Stage 1 – Listening – 20 minutes
1. Tell the class that you are very sad today
because you’ve just heard some bad news
about a very serious crime that happened last
night. You can refer to the poster that they
have just seen. Elicit / supply teddy bear.
2. Put the class in pairs and hand out the folded
copy so only the questions show. Go through
the questions to see if there are any
comprehension problems.
3. Read the newspaper report (see materials
section) slowly. The students only need to
listen at this stage.
4. Let the students discuss the questions and
settle on answers. Monitor this carefully so
you know which (if any) questions are causing
difficulty.
5. Either get the students to open the paper so
that they can read the text and check their
answers, or read the text aloud again before
letting the students read the text themselves.
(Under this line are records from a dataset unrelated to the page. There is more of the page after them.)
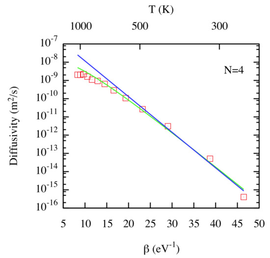 The diffusivity of the different clusters, as a function of temperature, was obtained from the time-dependent Mean Squared Displacement (MSD) via a linear fit. As an example, in Figure 6, we show the results corresponding to (similar behavior is seen for ). For the cluster sizes considered in this study, the main result was the departure from a standard Arrhenius behavior. Additional insight is gained by considering what Perez et al. [23] termed Superbasin Harmonic Transition State Theory (SB-HTST), from which a generalized Arrhenius expression is obtained with an activation energy that becomes a function of temperature. In very good agreement with the MD results, SB-HTST predicts the downward bending of the slope of the Arrhenius curve as the temperature rises, due to the increase in the sampling frequency of higher-lying energy basins.
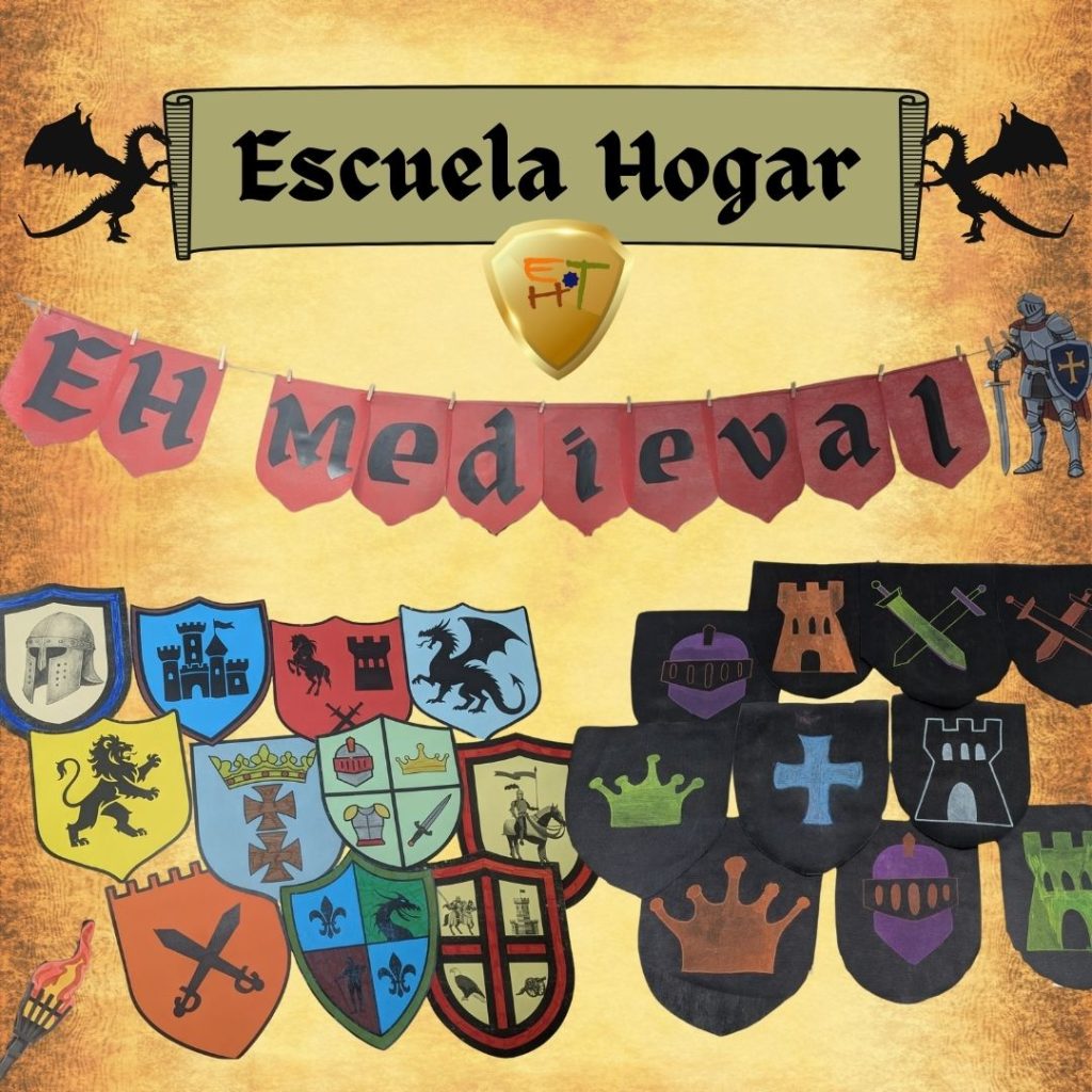 Nuestros alumnos y alumnas han sacado su lado más artístico: Repasando la historia medieval, diseñando y creando sus propios escudos y banderines para decorar el centro.
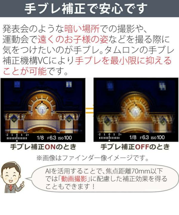 本レンズでは望遠域で発生しやすいブレを抑制するために、タムロン独自の手ブレ補正機構VCを搭載。薄暗い室内や夜景といった低照度下での手持ち撮影であってもその力を発揮し、画質の低下を効果的に軽減します。また、AI(人工知能)テクノロジーを活用することで、焦点距離70mm以下では動画撮影に配慮した補正効果を得ることもできます。
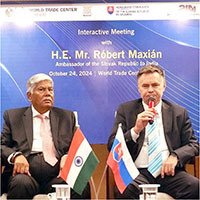 During the event, Mr. Maxian highlighted Slovakia’s achievements in green hydrogen technology for heavy vehicles and expressed interest in partnering with India on similar initiatives. He noted that trade between Slovakia and India has doubled to €861 million and aims to reach €1 billion. Additionally, he encouraged collaboration in film production, defence, and the automotive sectors, and invited Indian companies to invest in Slovakia, highlighting its strategic location within the Schengen Area.
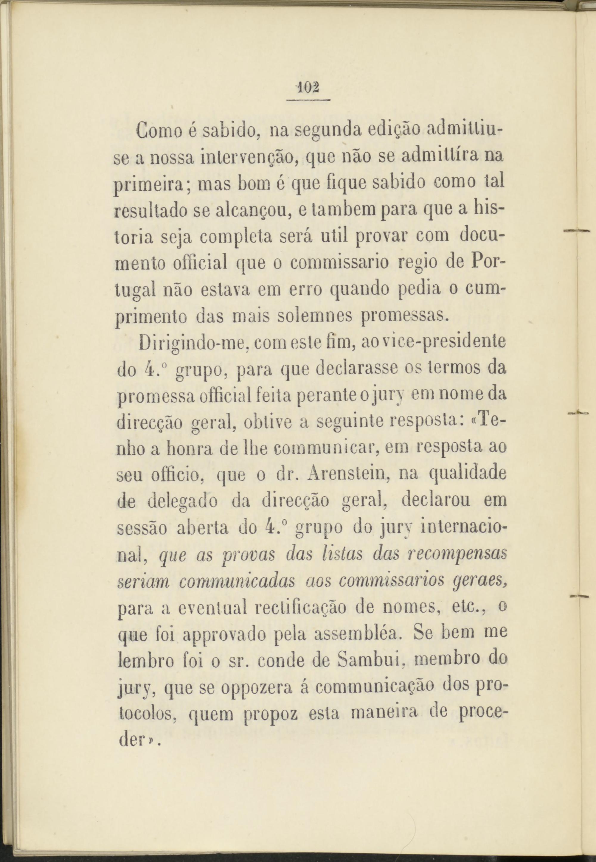 Como é sabido, na segunda edigao admitliu- se a nossa inlervengáo, que nao se admillíra na primeira; mas bom ó que fique sabido como tal resultado se alcangou, e lambem para que a his­toria seja completa será útil provar com docu­mento ofíicial que o commissario regio de Por­tugal nao eslava em erro quando pedia o cum­plimento das mais solemnes promessas.
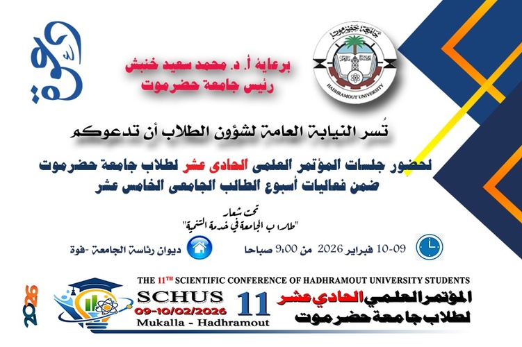 تنطلق في رحاب جامعة حضرموت بعد غد الاثنين أعمال المؤتمر العلمي الحادي عشر لطلابها، الذي تنظمه عمادة شؤون الطلاب، بمشاركة واسعة من الطلاب والباحثين والأكاديميين، مؤذناً بيومين حافلين بالعروض والنقاشات العلمية الجادة.
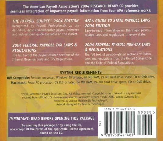 American Payroll Association's Research Ready CD 2004 PC business accounting law
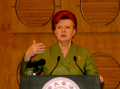 (Tsinghua News Centre) Dr. Vaira Vike-Freiberga, President of the Republic of Latvia, told students and faculty in a speech this week that a goal of her presidency is to strengthen every aspect of the relationship between Latvia and China.

Check a few words – sad, angry, hope etc.
Stage 2 – Question form focus – 8 – 10 minutes
1. Ask some questions:
Where did Humphrey meet his friends?
What did the Course Director say? (“We are
all …”)
2. Write the main question forms on the board.
There are two:
Where was Humphrey?
Wh- + to be + person / noun
What did the Course Director say?
Wh- + did /does +noun + verb
With a lower level class, these forms may
need teaching: for others, it’s revision.
3. Get the students to turn over the page and go
through the question forms at the top. The
first one is the simple form; the others use the
auxiliary, ‘do / does / did’.
Now get them to do the exercise together in
pairs.
At the end, combine the pairs into fours to
check while you monitor for problems.
Stage 3 – alibi – 25 minutes
1. Choose a confident student and ask him/her,
“What time did you go to bed last night?”
“Where were you at 6 o’clock?”
2. Direct the students to the pictures at the
bottom of the Questions page. Elicit or supply
interview, question (verb), suspect, police
officer. Get the concept of alibi clear – it
means ‘somewhere else’ in Latin.
3. Four (or five if you have uneven numbers) will
be police officers and the rest will be suspects.
Divide the class accordingly.
4. Explain the game:
a) The police officers must try to break the
suspects’ alibis by asking questions to
individuals.
b) The suspects must agree on their story
that they were together doing something
between 5 and 7 o’clock last night.
5. Put the police officers in pairs and get them to
write some questions for the suspects.
6. Take the suspects outside the room and put
them in pairs to agree on their stories – give
them some clues such as watching TV, playing
football with friends, going for a coffee etc.
7. Return and help the police officers with
appropriate questions forms.
8. Bring the suspects back into the room and set
up the tables to simulate a police interview
room.
9. Choose the first pair of suspects and send one
of them outside the room.
10. Get the first pair of police officers to interview
suspect #1 and note the answers. You may
have to help a little here by prompting
questions such as “Who was with you?”,
“What did you buy?”, “What did you watch on
TV?” etc. They soon get the idea.
11. Now send suspect #1 out of the room and call
in suspect #2. The police officers ask them the
same questions and compare the answers in
an effort to break the alibi.
12. Select the next pairs of suspects and repeat
until all the suspects have been interviewed.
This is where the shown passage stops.